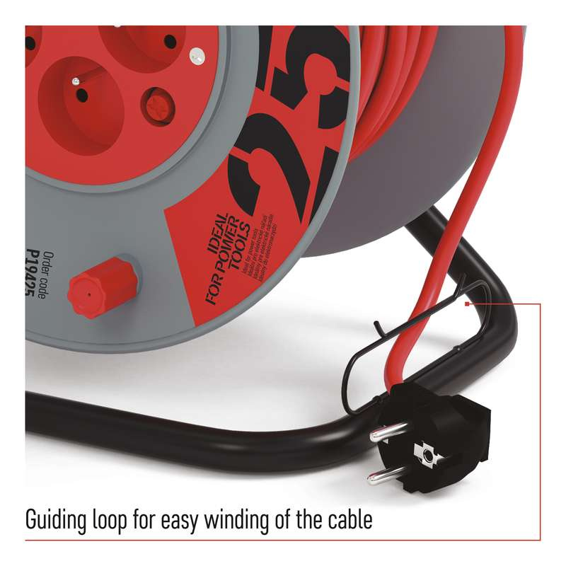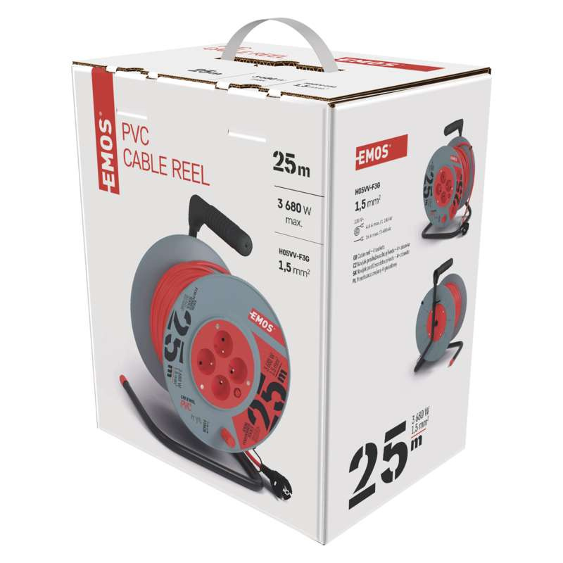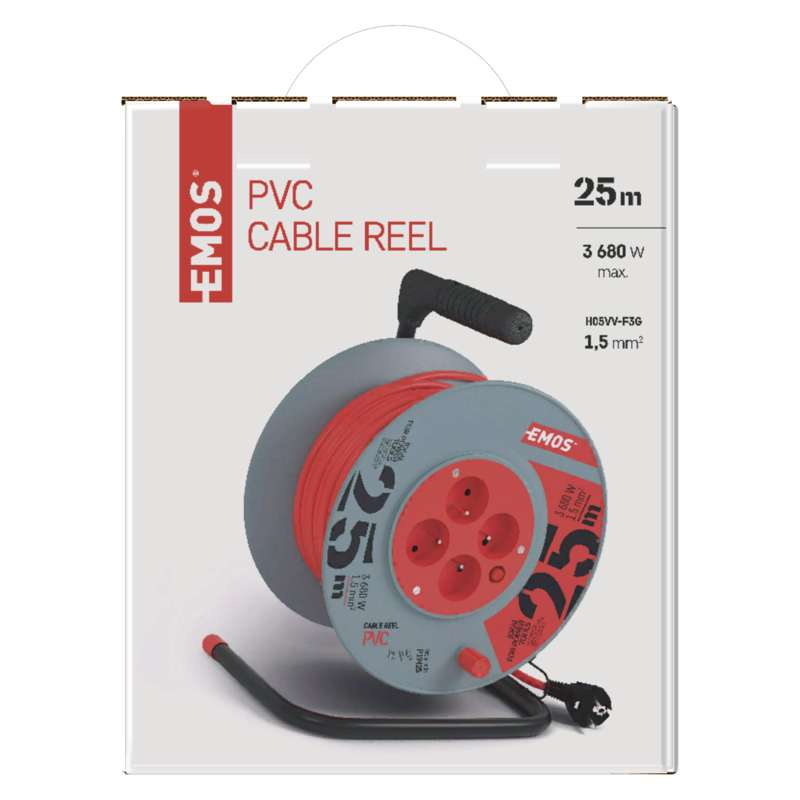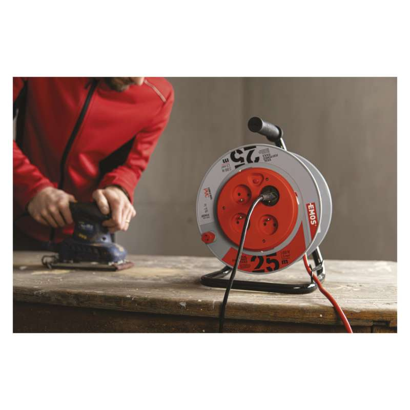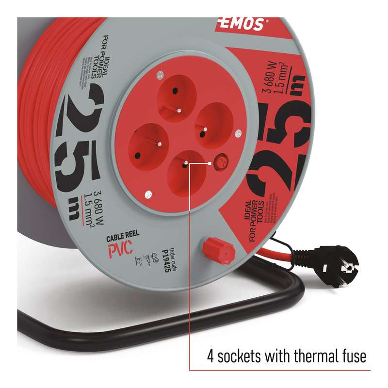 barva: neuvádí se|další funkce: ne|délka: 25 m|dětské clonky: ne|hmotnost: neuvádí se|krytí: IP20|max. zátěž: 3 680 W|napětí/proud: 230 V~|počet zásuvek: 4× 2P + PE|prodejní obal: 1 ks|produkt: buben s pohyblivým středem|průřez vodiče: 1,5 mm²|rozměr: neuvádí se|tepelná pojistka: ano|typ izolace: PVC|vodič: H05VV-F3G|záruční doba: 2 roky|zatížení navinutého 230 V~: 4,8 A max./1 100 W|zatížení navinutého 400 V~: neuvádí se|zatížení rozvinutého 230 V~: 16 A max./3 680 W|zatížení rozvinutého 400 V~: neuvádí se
★ ★ ★ ★
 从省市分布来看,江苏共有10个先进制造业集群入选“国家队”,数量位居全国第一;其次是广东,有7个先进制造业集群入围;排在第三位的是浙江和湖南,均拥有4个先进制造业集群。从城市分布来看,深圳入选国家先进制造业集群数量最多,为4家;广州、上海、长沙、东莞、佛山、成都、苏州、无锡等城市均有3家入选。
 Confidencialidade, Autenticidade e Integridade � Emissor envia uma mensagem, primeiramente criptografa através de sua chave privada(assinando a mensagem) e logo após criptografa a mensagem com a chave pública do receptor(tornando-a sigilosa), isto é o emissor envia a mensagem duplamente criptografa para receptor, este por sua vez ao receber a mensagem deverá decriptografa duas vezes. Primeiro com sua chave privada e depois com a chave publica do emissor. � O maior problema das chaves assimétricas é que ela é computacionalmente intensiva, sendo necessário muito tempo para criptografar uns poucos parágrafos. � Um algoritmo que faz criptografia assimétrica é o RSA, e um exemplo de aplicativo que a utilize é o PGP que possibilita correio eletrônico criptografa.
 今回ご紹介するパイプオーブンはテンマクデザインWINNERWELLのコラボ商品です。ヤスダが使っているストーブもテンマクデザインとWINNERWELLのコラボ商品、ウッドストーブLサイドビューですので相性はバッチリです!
★ ★ ★ ★
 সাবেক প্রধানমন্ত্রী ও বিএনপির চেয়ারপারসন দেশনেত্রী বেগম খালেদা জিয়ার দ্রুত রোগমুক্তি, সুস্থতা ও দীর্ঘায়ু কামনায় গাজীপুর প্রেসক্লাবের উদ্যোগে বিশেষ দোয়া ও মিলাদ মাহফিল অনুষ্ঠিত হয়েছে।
★ ★ ★ ★
From the data above, reproduce word for word the lines running from the line with "从省市分布来看,江苏共有10" to the line with "今回ご紹介するパイプオーブン", ends included.

* **Written solution**
 从省市分布来看,江苏共有10个先进制造业集群入选“国家队”,数量位居全国第一;其次是广东,有7个先进制造业集群入围;排在第三位的是浙江和湖南,均拥有4个先进制造业集群。从城市分布来看,深圳入选国家先进制造业集群数量最多,为4家;广州、上海、长沙、东莞、佛山、成都、苏州、无锡等城市均有3家入选。
 Confidencialidade, Autenticidade e Integridade � Emissor envia uma mensagem, primeiramente criptografa através de sua chave privada(assinando a mensagem) e logo após criptografa a mensagem com a chave pública do receptor(tornando-a sigilosa), isto é o emissor envia a mensagem duplamente criptografa para receptor, este por sua vez ao receber a mensagem deverá decriptografa duas vezes. Primeiro com sua chave privada e depois com a chave publica do emissor. � O maior problema das chaves assimétricas é que ela é computacionalmente intensiva, sendo necessário muito tempo para criptografar uns poucos parágrafos. � Um algoritmo que faz criptografia assimétrica é o RSA, e um exemplo de aplicativo que a utilize é o PGP que possibilita correio eletrônico criptografa.
 今回ご紹介するパイプオーブンはテンマクデザインWINNERWELLのコラボ商品です。ヤスダが使っているストーブもテンマクデザインとWINNERWELLのコラボ商品、ウッドストーブLサイドビューですので相性はバッチリです!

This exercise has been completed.